Pubblichiamo una sintesi dell’intervento di Alphonse Borras, prete belga, canonista e teologo di fama, invitato dagli Assistenti di AC il 30 ottobre scorso al Centro Pastorale Ambrosiano di Seveso, per parlare della parrocchia, della sua attualità anche in un contesto epocale di cambiamento che per certi aspetti decreta la fine della “civiltà parrocchiale” dei secoli passati e provoca perciò un ripensamento del suo ruolo e del suo rapporto con la società e la vita delle persone.
La parrocchia, tuttora una carta vincente per l’evangelizzazione?
Parlo non tanto di evangelizzazione quanto di comunicazione del Vangelo, intesa come processo relazionale in cui il destinatario diventa interlocutore attivo. La Chiesa, fedele all’intuizione di Paolo VI – “La Chiesa si fa colloquio” – deve aprirsi al dialogo con la cultura contemporanea e lasciarsi trasformare da essa. La parrocchia è il luogo privilegiato di questa comunicazione, ma la sua forma tradizionale è oggi profondamente sfidata dal cambiamento epocale in corso.
Storicamente, la parrocchia è stata “la Chiesa in questo luogo per tutto e per tutti”, legata a un territorio stabile e omogeneo in cui fede e vita quotidiana coincidevano. Oggi, la società pluralista, urbanizzata e digitalizzata ha dissolto tale unità: molti credenti vivono la fede in forme individuali o devozionali, mentre emergono i seekers, persone in ricerca di senso più che di appartenenza istituzionale. Le ristrutturazioni pastorali (unità, settori, collaborazioni) riflettono il tentativo di adattamento, ma rivelano anche la necessità di passare da una logica territoriale a una logica relazionale: la parrocchia è dove vivono e agiscono i battezzati.
Nonostante la crisi, la parrocchia conserva tre grandi risorse:
- L’apertura universale, essendo comunità per tutti, non solo per i residenti ma anche per chi la sceglie liberamente.
- Il radicamento nel territorio, luogo di inculturazione della fede e di testimonianza locale.
- La prossimità, oggi esercitata dai laici attraverso relazioni quotidiane e reti digitali che intrecciano legami di fede nel tessuto sociale e virtuale.
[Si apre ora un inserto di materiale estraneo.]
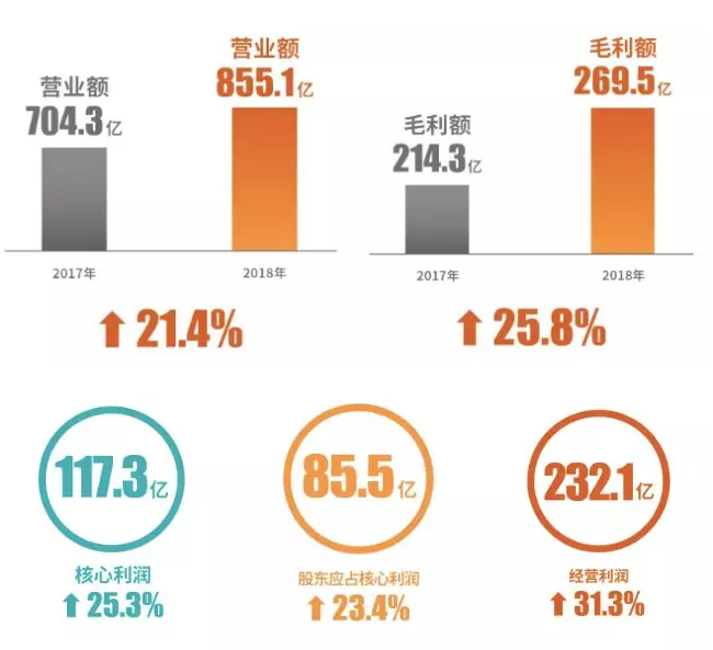 不仅仅是销售额这一项数字的爆发,2018年球王会体育在线在营业额、毛利额和核心利润等关键指标上均收获了可观增长。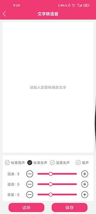 3、以文字转语音功能为例,只需要输入文字,软件就能转换成语音。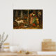 The Mystic Wood by John William Waterhouse shows a hushed autumn forest where glowing leaf litter, pale trunks, and deep shadow create a stage for quiet wonder. A white stag with branching antlers steps across the woodland floor, its brightness almost supernatural against the rust and moss. From the right, three women and a child press forward cautiously, their richly patterned garments catching pockets of light as if the forest itself is watching them. In the distance, a faint, half hidden figure deepens the sense of spell and legend, turning the scene into a moment of suspended breath where myth feels close enough to touch.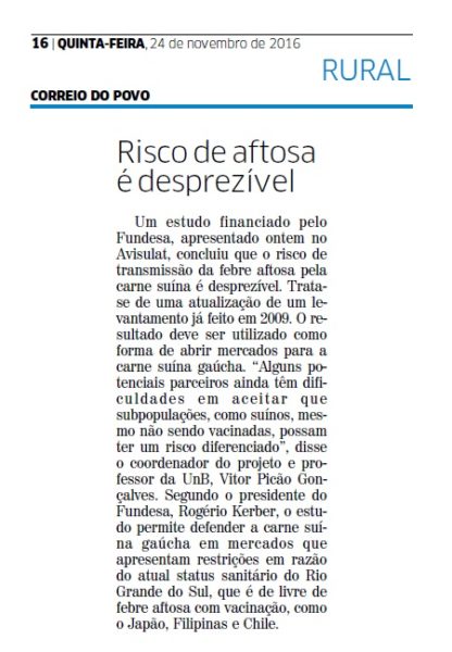 CORREIO DO POVO | RURAL | PÁGINA 16 Um estudo financiado pelo Fundesa, apresentado ontem no Avisulat, concluiu que o risco de transmissão da febre aftosa pela carne suína é desprezível. Tratase de uma atualização de um levantamento já feito em 2009. O resultado deve ser utilizado como forma de abrir mercados para a carne […]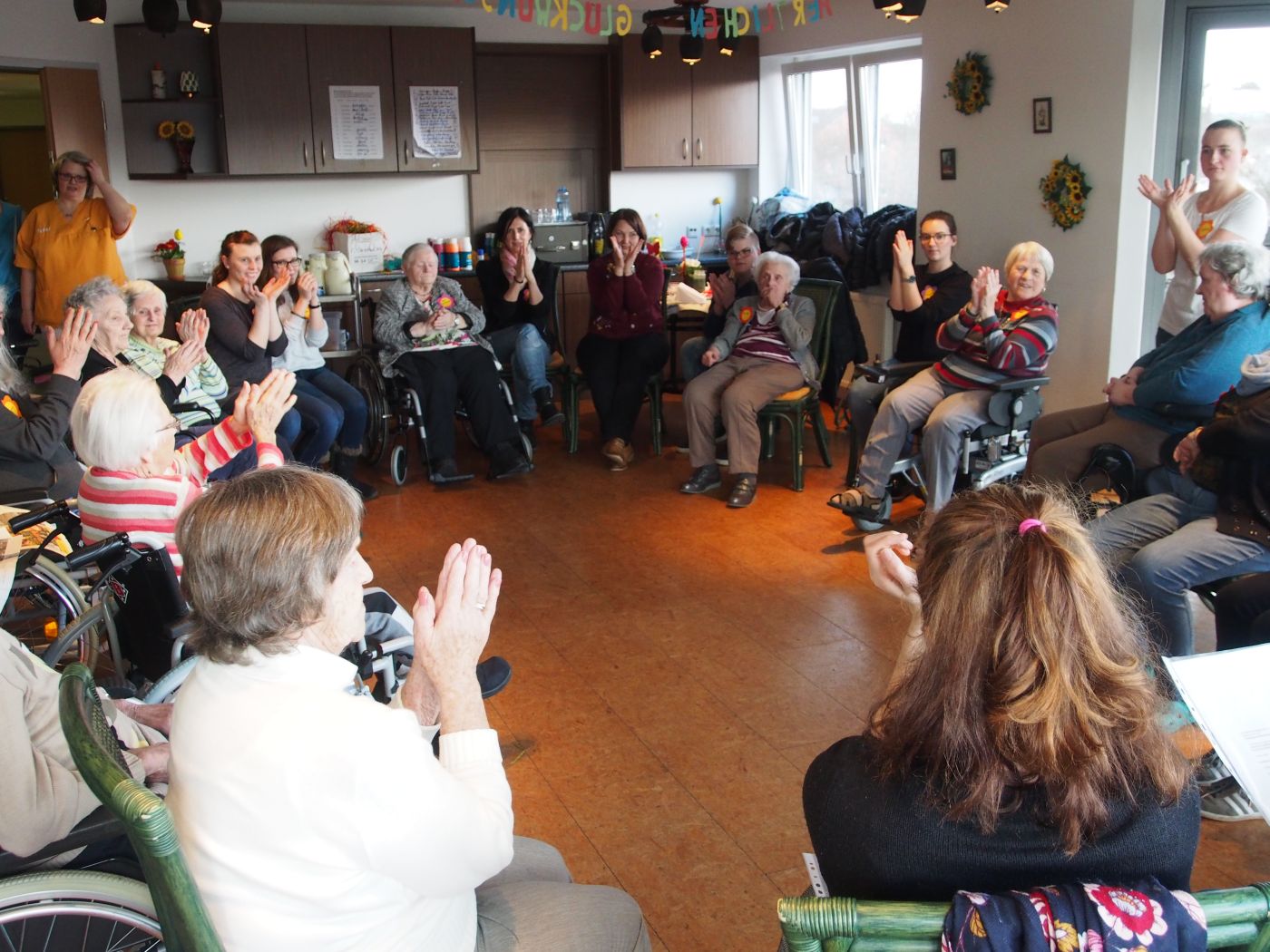 Zum Abschluss gestalteten die Studierenden zusammen mit den Bewohner eine Bewegungsaktivität, bei der jeder auf seine Weise sich einbringen konnte. Man konnte als Außenstehender deutlich sehen, mit welcher Begeisterung mitgemacht wurde.

Tuttavia, la cultura digitale – simbolo del cambio di epoca – trasforma la percezione dello spazio, del tempo e delle relazioni, sostituendo la prossimità fisica con la connessione virtuale. Questo processo, insieme alla secolarizzazione e all’individualismo, genera una “parrocchia liquida”, segnata da appartenenze fluide e da tensioni tra partecipazione comunitaria e consumo religioso.
Il Sinodo del 2024 invita a vedere nel digitale un luogo profetico di missione, ma chiede anche discernimento: la parrocchia deve promuovere ascolto autentico, contemplazione del bello e preghiera, per riscoprire la profondità della persona e delle relazioni.
Una parrocchia “connessa” ma radicata, accogliente e mistagogica, potrà ancora essere una carta vincente per la comunicazione del Vangelo, si avventurerà su vie virtuali invitando però all’esperienza di una comunione interpersonale, traccia se non luogo di una comunione con più grande di sé o più intimo di sé. Ci vorrà solo un po’ di parrhesia, quella dello Spirito di Cristo.